SUPPLIED DATA:

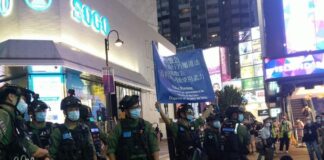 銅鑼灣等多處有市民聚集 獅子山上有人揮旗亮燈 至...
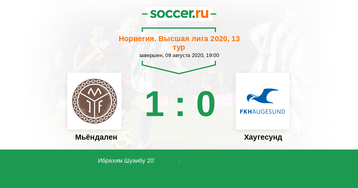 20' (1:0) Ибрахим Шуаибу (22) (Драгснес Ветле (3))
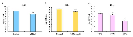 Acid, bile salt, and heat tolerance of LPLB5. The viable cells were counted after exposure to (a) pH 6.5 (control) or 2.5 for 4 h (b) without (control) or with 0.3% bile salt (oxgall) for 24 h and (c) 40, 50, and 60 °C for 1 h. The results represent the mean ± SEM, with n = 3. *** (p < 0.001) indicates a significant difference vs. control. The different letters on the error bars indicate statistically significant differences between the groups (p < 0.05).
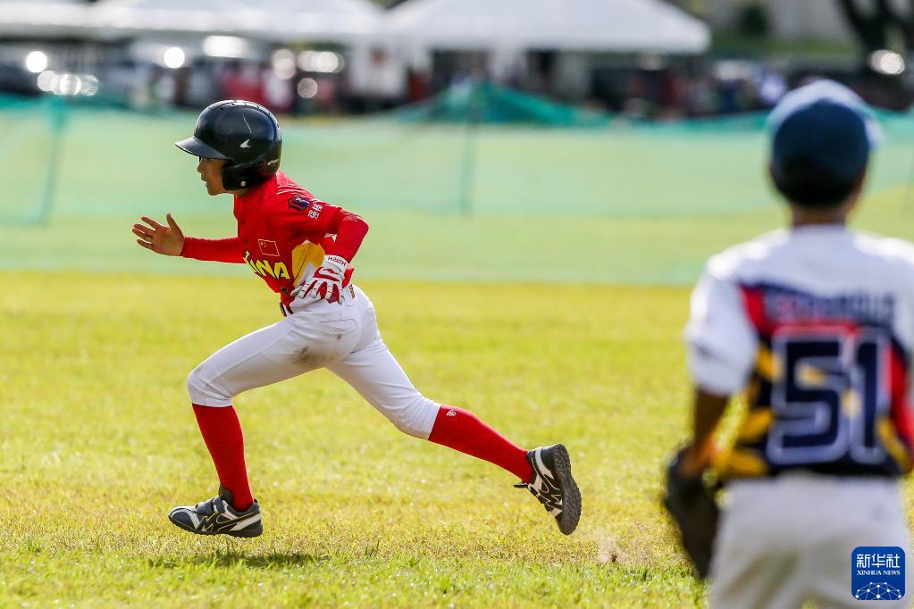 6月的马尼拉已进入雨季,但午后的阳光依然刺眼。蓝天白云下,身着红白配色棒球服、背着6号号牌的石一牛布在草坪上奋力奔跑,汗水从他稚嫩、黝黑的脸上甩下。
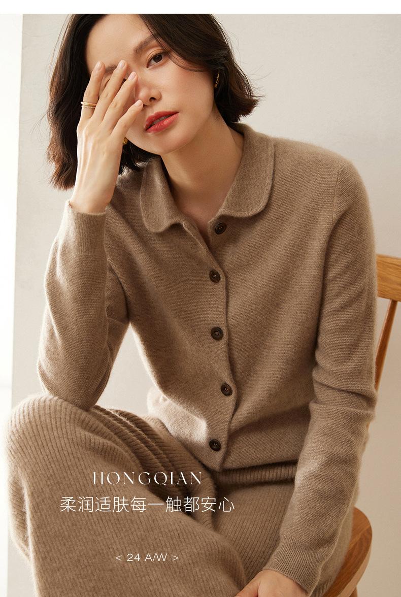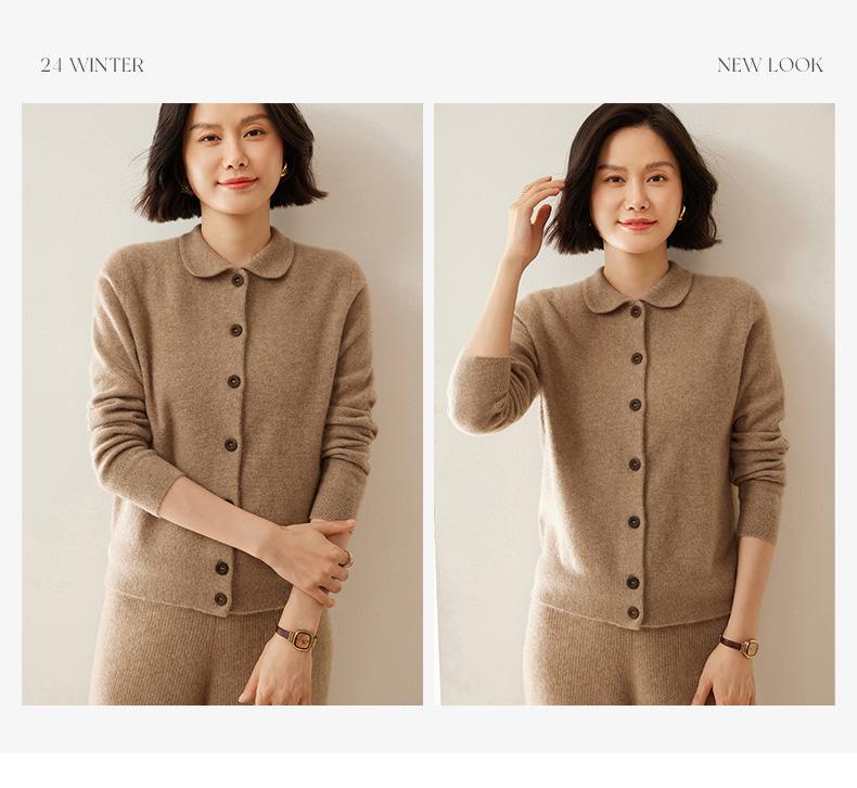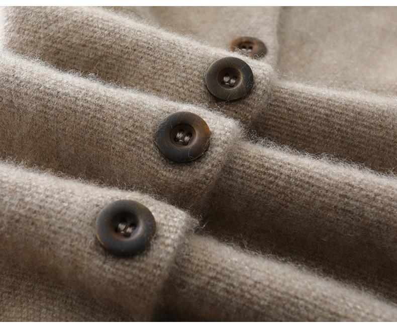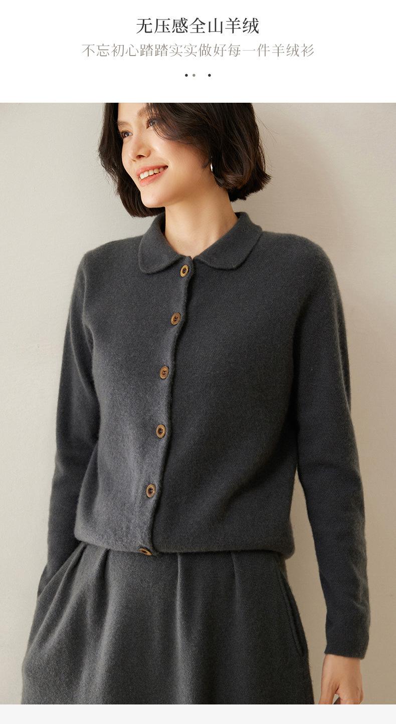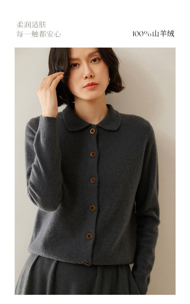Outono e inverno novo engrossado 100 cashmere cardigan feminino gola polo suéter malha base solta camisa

INSTRUCTIONS FOR THE TASK:
All of the lines above should be printed exactly, minus the pictures.

YOUR RESPONSE:
 銅鑼灣等多處有市民聚集 獅子山上有人揮旗亮燈 至...
 20' (1:0) Ибрахим Шуаибу (22) (Драгснес Ветле (3))
 Acid, bile salt, and heat tolerance of LPLB5. The viable cells were counted after exposure to (a) pH 6.5 (control) or 2.5 for 4 h (b) without (control) or with 0.3% bile salt (oxgall) for 24 h and (c) 40, 50, and 60 °C for 1 h. The results represent the mean ± SEM, with n = 3. *** (p < 0.001) indicates a significant difference vs. control. The different letters on the error bars indicate statistically significant differences between the groups (p < 0.05).
 6月的马尼拉已进入雨季,但午后的阳光依然刺眼。蓝天白云下,身着红白配色棒球服、背着6号号牌的石一牛布在草坪上奋力奔跑,汗水从他稚嫩、黝黑的脸上甩下。
Outono e inverno novo engrossado 100 cashmere cardigan feminino gola polo suéter malha base solta camisa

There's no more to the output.